Persecution watchdog Open Doors’ annual World Watch List found that North Korea was the only exception in the top ten list of offenders: nine out of the ten countries ranked the most oppressive for Christians to live in were Muslim. Following North Korea are Somalia, Syria, Iraq, Afghanistan, Saudi Arabia, the Maldives, Pakistan, Iran, and Yemen. Other religious minorities suffer the same way, and Muslim-on-Muslim killing is staggering: some ten million Muslims have been murdered by other Muslims of opposing sects since the founding of Israel in 1948.
On Western soil, our leaders and citizens are increasingly becoming subjugated psychologically through jihadist intimidation, intensified by the reality of the murders at Charlie Hebdo. Furthermore, although it has been reported that “only” some ten percent of the global Muslim population is violent, that number is highly significant when considering that a very small minority of Germans were Nazis, but the world witnessed the atrocities of that minority; and an additional problem emerges where a significant number of Muslim adherents cheer on and embolden violent jihadists.

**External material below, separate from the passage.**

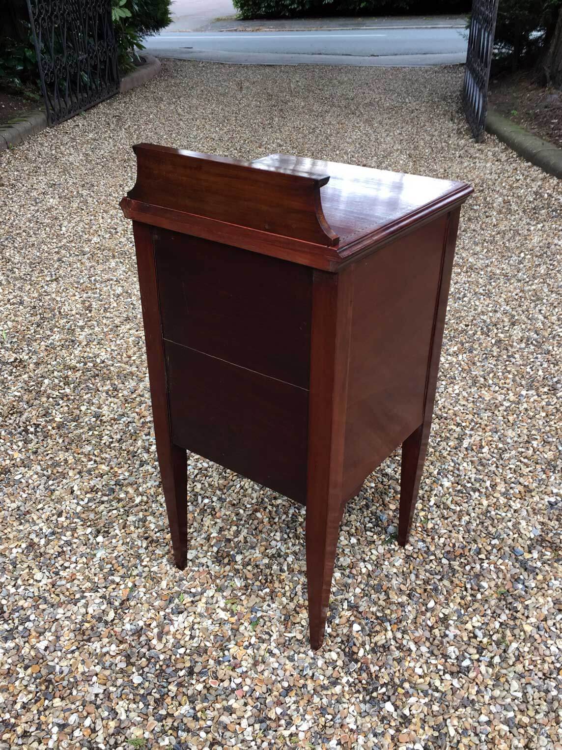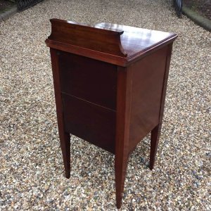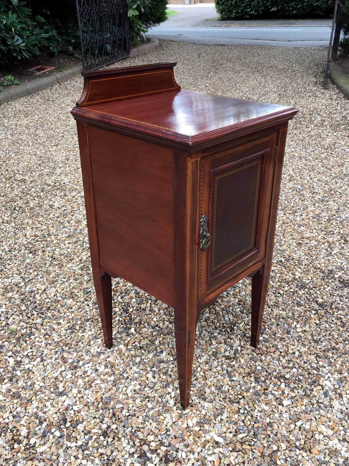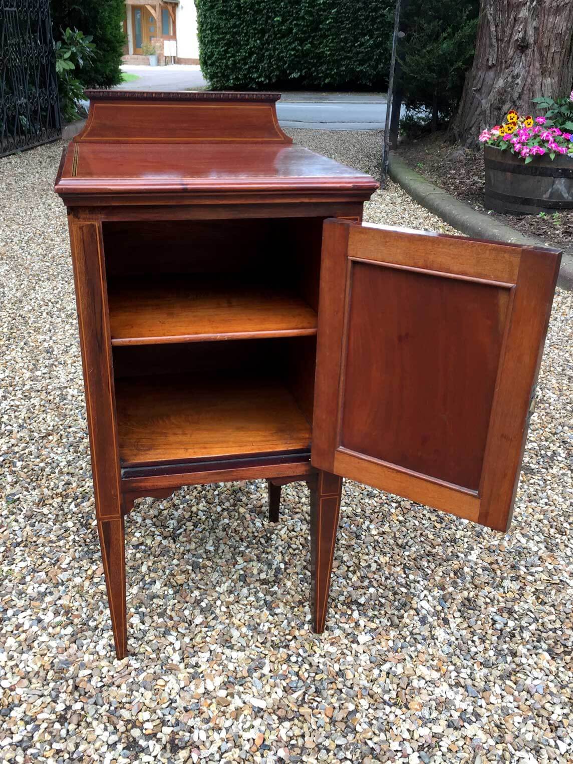 An Edwardian solid Mahogany Inlaid Bedside Cabinet with decorative inlay throughout and an cupboard that opens to a interior shelf.
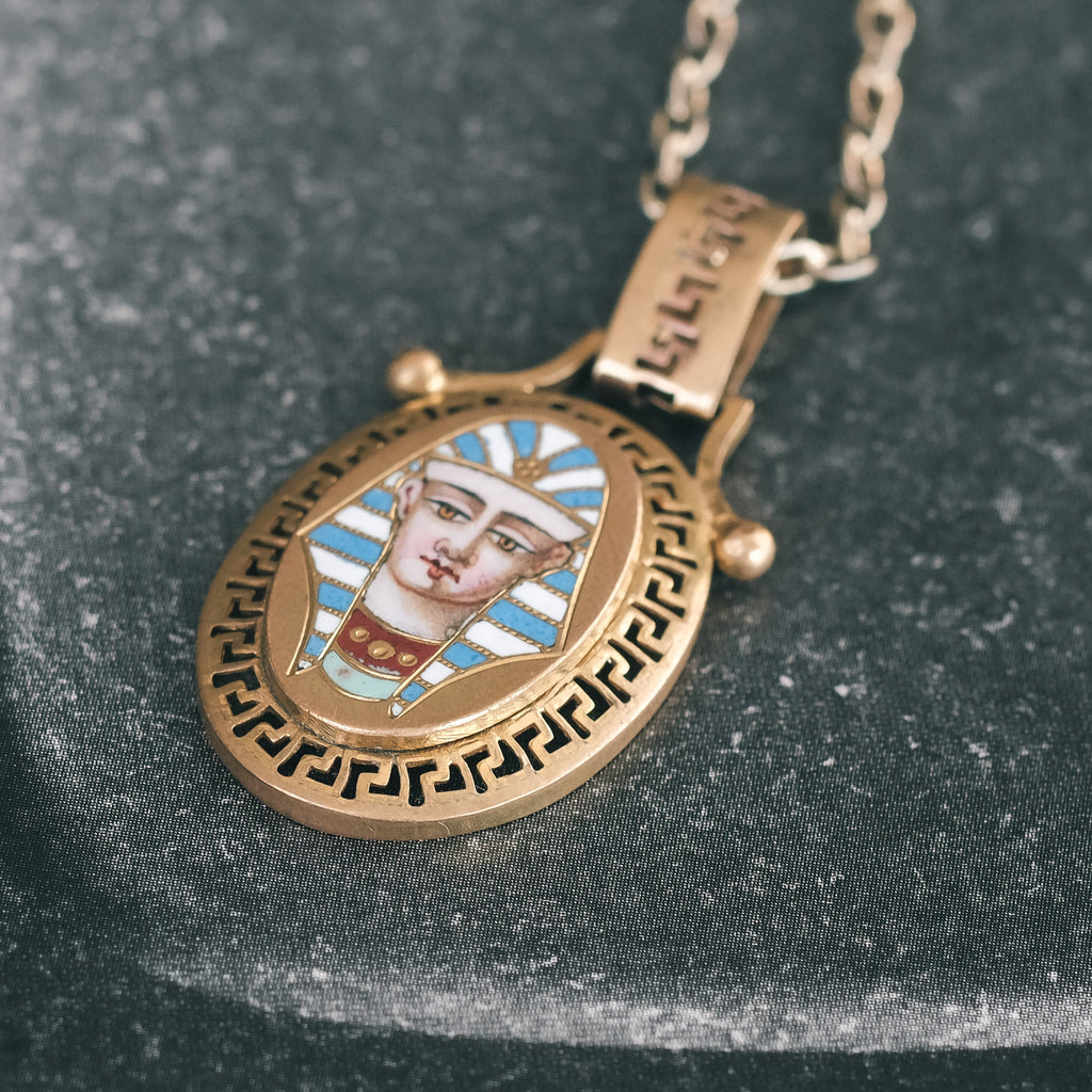 A remarkable Egyptian Revival pendant dating from the 1920s. The depicted Pharaoh is quite a vibe, beautifully rendered in colourful, hand-painted enamel looking slightly forlorn with eyes cast downwards and to the side. He's bordered by a pierced greek key motif and hangs from a period barrel clasp chain. The 1920s Egyptomania that possessed Europe and the US was sparked by a single discovery in 1922: the (mostly) untouched tomb of Tutankhamun, the young Pharoah who ruled Egypt from c1332-1323. And it is said boy-King that we're looking at here.

Entertainer Bill Maher passionately addressed this point when he blasted Muslims who support the massacre in France. On ABC’s Jimmy Kimmel Live, Maher said:
“I know most Muslim people would not have carried out an attack like this….But here’s the important point: Hundreds of millions of them support an attack like this. They applaud an attack like this. What they say is, ‘We don’t approve of violence, but you know what? When you make fun of the Prophet, all bets are off.”
The Islamic State (ISIS) is another force that has served to embolden Muslim anti-Western sentiments and jihadists. The Islamic State has called for its members to kill civilians and soldiers in Western countries. In addition, the foreign fighters of ISIS are now a grave Western threat through ISIS’s aggressive social media campaign for new recruits, promises of paradise and monetary gifts.
Due to the ongoing policy laxity of fearful and vote-soliciting Western leaders, jihadists are growing in strength and numbers, and because of politicians’ failure to deal with this problem, now violence is being met with further violence in France: mosques were fired upon with blank grenades and bullets following the Charlie Hebdo massacre. While the West continues to be politically correct as to not be deemed Islamophobic, dhimmitude is leading to unrest. There is no possible way to appease jihadists, as their goal is conquest by whatever means necessary. This includes both stealth and violent jihadists, as they work together toward the same goal. Our stand in support with the Charlie Hebdo publication should not be only for free speech, but a declaration that free people everywhere are going to stand up and resist bowing down to and being subjugated by jihadists.
Christine Williams is Public Affairs and Media Consultant for the International Christian Embassy in Jerusalem Canada; a nine-time award-winning TV Host and Producer; and a Director on the Canadian Race Relations Foundation.